─── Records to process ───
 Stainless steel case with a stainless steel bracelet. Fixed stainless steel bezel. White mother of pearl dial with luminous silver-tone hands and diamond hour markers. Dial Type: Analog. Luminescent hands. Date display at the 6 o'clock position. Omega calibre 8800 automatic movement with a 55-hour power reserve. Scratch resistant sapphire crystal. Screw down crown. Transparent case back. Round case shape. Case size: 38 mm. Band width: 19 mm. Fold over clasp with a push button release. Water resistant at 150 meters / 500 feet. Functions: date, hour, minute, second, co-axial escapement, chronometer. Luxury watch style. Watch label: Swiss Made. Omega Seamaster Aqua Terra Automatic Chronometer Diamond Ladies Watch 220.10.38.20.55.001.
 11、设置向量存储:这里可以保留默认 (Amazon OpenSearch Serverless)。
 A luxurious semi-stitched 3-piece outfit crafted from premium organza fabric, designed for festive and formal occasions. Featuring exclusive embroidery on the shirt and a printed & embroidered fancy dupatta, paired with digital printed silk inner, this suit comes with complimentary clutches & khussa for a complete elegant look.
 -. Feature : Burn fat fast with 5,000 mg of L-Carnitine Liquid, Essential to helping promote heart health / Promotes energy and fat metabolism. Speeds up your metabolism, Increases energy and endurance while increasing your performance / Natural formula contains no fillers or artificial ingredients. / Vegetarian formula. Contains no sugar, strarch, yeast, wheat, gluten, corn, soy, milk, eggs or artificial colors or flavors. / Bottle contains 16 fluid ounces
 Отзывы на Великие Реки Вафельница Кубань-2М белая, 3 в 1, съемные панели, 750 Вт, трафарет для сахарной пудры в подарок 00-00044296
───
─── Records to process ───
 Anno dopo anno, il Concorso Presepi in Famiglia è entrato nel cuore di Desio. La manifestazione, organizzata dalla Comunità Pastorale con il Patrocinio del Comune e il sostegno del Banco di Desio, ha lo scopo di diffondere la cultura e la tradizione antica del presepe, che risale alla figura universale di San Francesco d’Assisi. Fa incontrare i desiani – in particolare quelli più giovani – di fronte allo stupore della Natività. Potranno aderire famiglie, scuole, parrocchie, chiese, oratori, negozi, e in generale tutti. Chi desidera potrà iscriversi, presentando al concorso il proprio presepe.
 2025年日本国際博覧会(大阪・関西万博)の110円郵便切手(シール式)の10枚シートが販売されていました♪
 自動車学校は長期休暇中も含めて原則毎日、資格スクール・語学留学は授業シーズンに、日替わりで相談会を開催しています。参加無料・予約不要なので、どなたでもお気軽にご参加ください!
───
─── Records to process ───
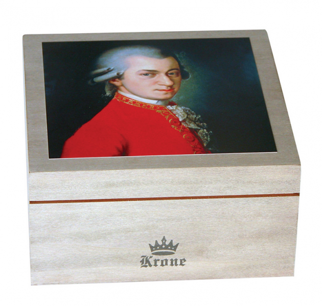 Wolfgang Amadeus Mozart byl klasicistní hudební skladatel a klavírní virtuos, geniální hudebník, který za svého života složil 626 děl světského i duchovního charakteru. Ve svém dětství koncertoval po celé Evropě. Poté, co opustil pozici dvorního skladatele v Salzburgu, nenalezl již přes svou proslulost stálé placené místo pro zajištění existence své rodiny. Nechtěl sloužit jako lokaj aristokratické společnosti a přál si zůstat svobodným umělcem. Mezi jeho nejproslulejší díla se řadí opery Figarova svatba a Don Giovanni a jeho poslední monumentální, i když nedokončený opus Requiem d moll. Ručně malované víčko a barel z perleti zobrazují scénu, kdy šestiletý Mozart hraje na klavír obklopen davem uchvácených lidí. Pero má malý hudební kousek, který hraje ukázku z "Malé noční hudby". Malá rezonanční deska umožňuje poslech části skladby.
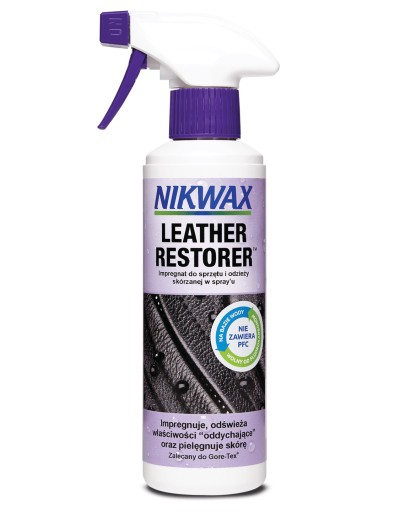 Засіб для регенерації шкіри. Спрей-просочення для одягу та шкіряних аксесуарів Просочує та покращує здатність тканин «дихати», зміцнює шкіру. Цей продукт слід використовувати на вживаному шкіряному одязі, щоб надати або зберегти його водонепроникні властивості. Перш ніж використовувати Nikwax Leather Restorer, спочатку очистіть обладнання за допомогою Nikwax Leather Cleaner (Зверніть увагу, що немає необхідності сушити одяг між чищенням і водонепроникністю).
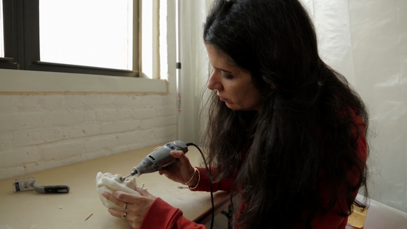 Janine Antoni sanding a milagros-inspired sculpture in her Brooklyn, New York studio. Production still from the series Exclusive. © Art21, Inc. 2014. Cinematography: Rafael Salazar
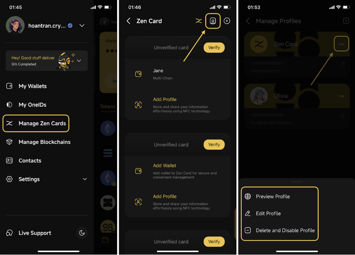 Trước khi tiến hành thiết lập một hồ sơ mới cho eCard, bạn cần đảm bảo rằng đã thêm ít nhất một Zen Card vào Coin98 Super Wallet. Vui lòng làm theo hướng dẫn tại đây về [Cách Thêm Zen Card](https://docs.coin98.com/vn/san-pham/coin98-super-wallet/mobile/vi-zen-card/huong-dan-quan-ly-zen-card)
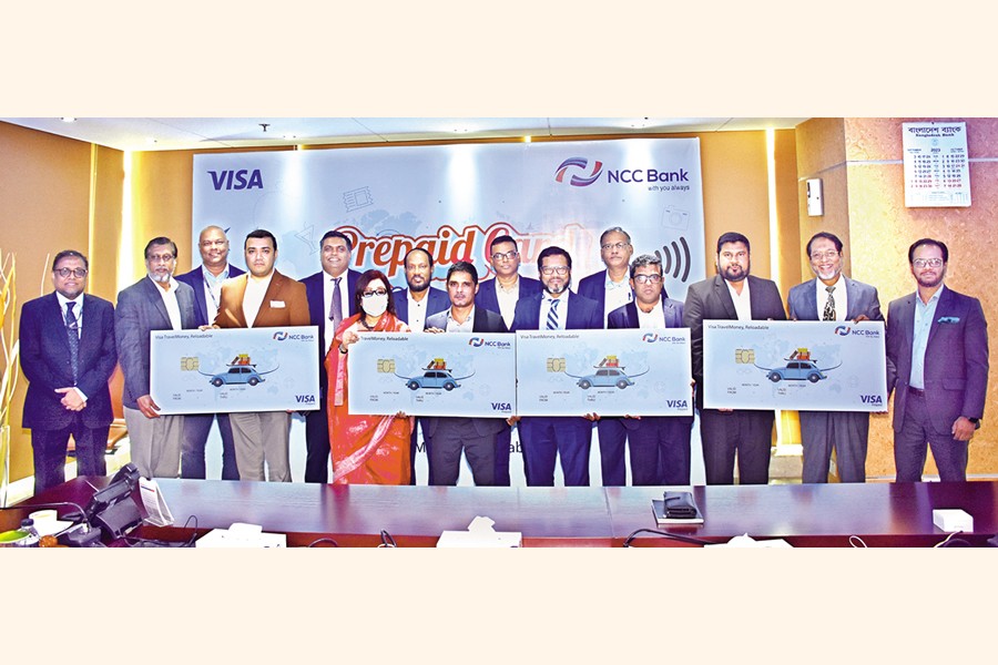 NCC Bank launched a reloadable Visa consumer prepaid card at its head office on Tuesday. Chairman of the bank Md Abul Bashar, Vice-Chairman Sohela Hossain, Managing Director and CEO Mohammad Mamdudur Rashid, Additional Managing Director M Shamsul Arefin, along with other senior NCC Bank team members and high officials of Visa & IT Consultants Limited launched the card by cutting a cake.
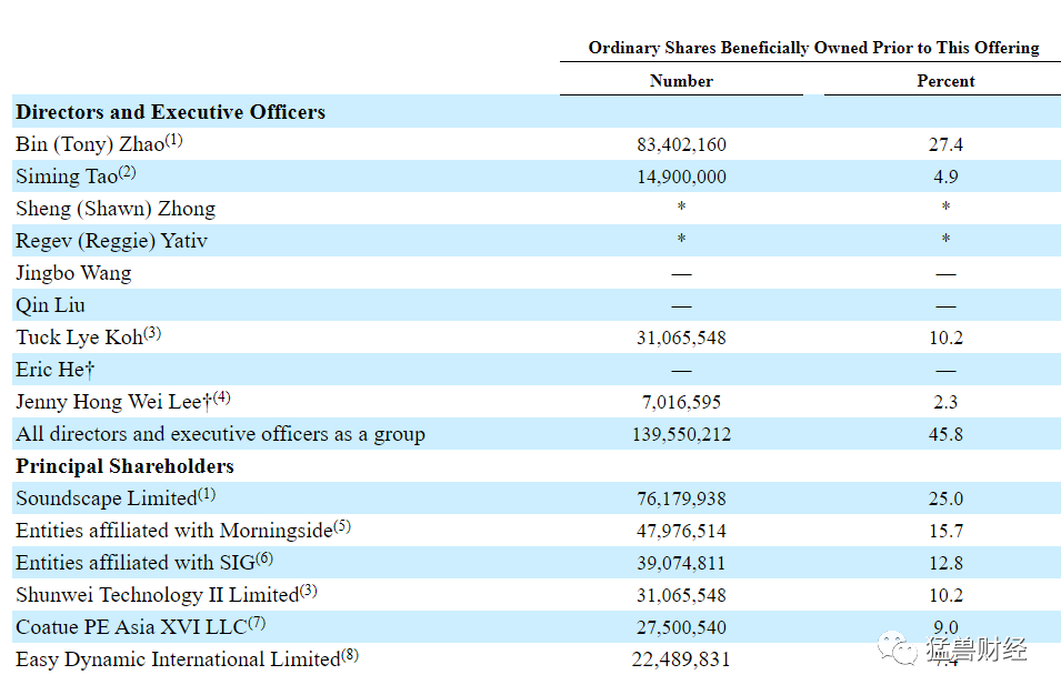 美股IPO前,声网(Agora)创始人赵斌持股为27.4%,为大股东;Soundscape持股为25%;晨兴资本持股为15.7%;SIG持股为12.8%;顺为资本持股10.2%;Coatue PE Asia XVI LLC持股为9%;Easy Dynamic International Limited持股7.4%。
───
Above is a listing; print exactly its lines from the one with "Stainless steel case" through the one with "11、设置向量存储:这里可以保留默认 (Amazon OpenSearch", and no other lines.

 Stainless steel case with a stainless steel bracelet. Fixed stainless steel bezel. White mother of pearl dial with luminous silver-tone hands and diamond hour markers. Dial Type: Analog. Luminescent hands. Date display at the 6 o'clock position. Omega calibre 8800 automatic movement with a 55-hour power reserve. Scratch resistant sapphire crystal. Screw down crown. Transparent case back. Round case shape. Case size: 38 mm. Band width: 19 mm. Fold over clasp with a push button release. Water resistant at 150 meters / 500 feet. Functions: date, hour, minute, second, co-axial escapement, chronometer. Luxury watch style. Watch label: Swiss Made. Omega Seamaster Aqua Terra Automatic Chronometer Diamond Ladies Watch 220.10.38.20.55.001.
 11、设置向量存储:这里可以保留默认 (Amazon OpenSearch Serverless)。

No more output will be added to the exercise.